Drug Enforcement Administration


Keith Martin (Acting), Special Agent in Charge

March 01, 2017

Contact: Brian McNeal

Phone Number: (571) 362-1498

Cleveland Man Charged For Selling Heroin That Led To Two Overdoses In Ohio

CLEVELAND, Ohio - Law enforcement officials announced today that a Cleveland man was indicted in federal court on charges that he sold heroin that caused at least two overdoses in Wooster, Ohio.
Demetrius L. Frizzell, 30, was indicted on six counts: two counts of distribution of heroin, one count of possession with intent to distribute heroin, one count of obstruction of justice and two counts of witness tampering.  The heroin distribution charges come with a sentencing enhancement for selling heroin that caused serious bodily injury to individuals on or about Oct. 29 and Nov. 3, 2016.

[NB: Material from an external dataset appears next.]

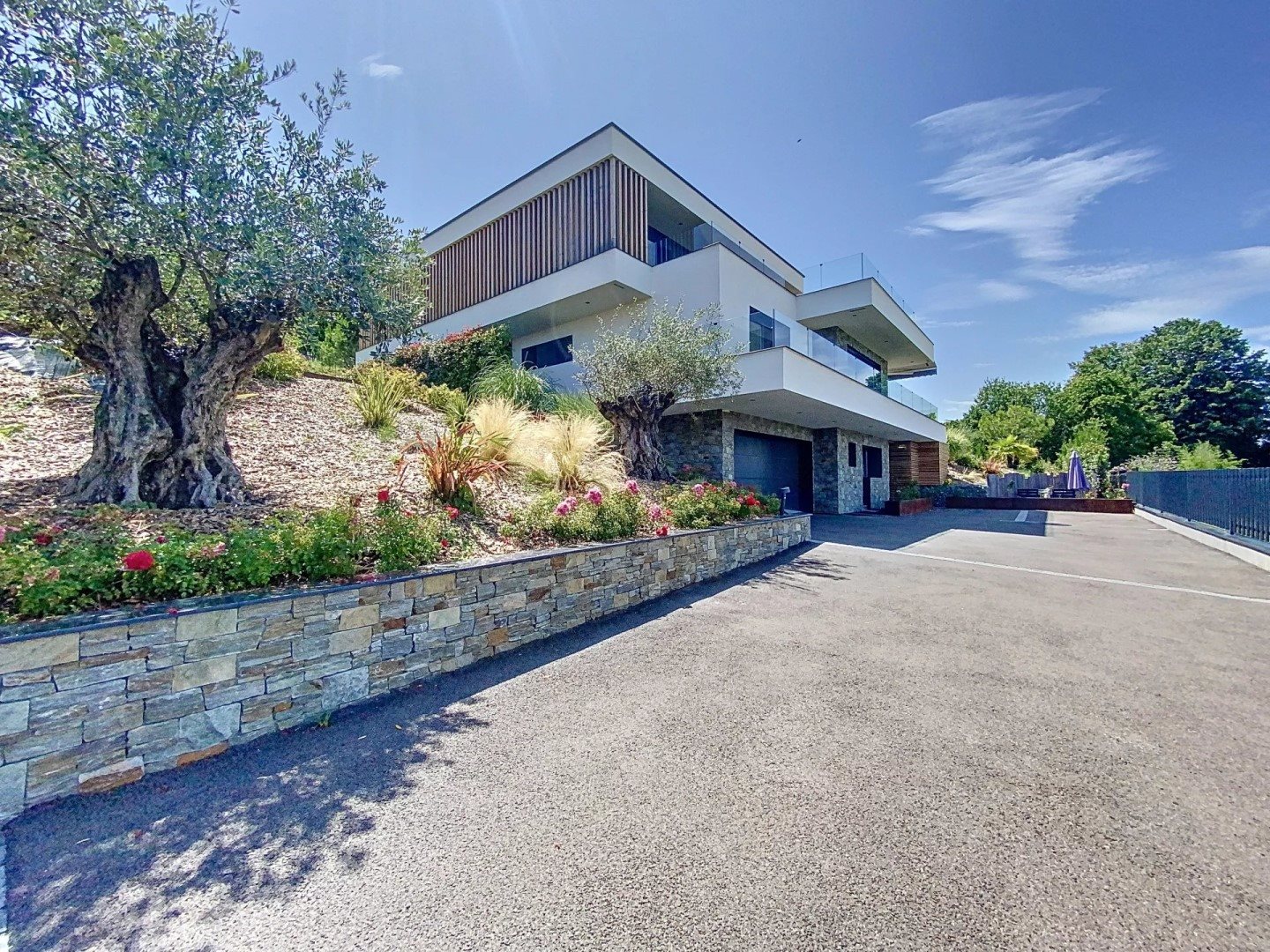 En lisière des Mateirons. Villa contemporaine de 2020 située dans un secteur calme et recherché de Neuvecelle elle offre une superficie habitable de 270 m².La maison dispose d'un salon orienté face au lac avec une cuisine ouverte. Quatre chambres avec salles d'eau attenantes, un studio indépendant, une grande pièce pouvant faire office de salle de cinéma ou de salle de sport, un sauna, une cave et un garage finalisent cette villa.Les prestations comprennent une domotique intégrée, de grandes baies vitrées avec brises soleil orientables, un chauffage au sol relié à une pompe à chaleur. Le diagnostique de performance énergétique note la maison en A.La maison est édifiée sur un terrain paysager de 1047m² avec plusieurs stationnements extérieurs.

If convicted on those counts, the sentences could carry a mandatory minimum penalty of 20 years in prison.
Wooster police learned about a heroin overdose victim who on November 3rd was brought to an emergency room unresponsive and appeared to be deceased.  He was revived after emergency-room staff administered 12 doses of Narcan.  According to court documents, investigators were able to trace the sale of heroin to Frizzell. 
Frizzell also sold heroin on October 29th that resulted in an overdose, according to court documents.
Frizzell, while in custody, called overdose victims and instructed them to change their statements to police, according to court documents.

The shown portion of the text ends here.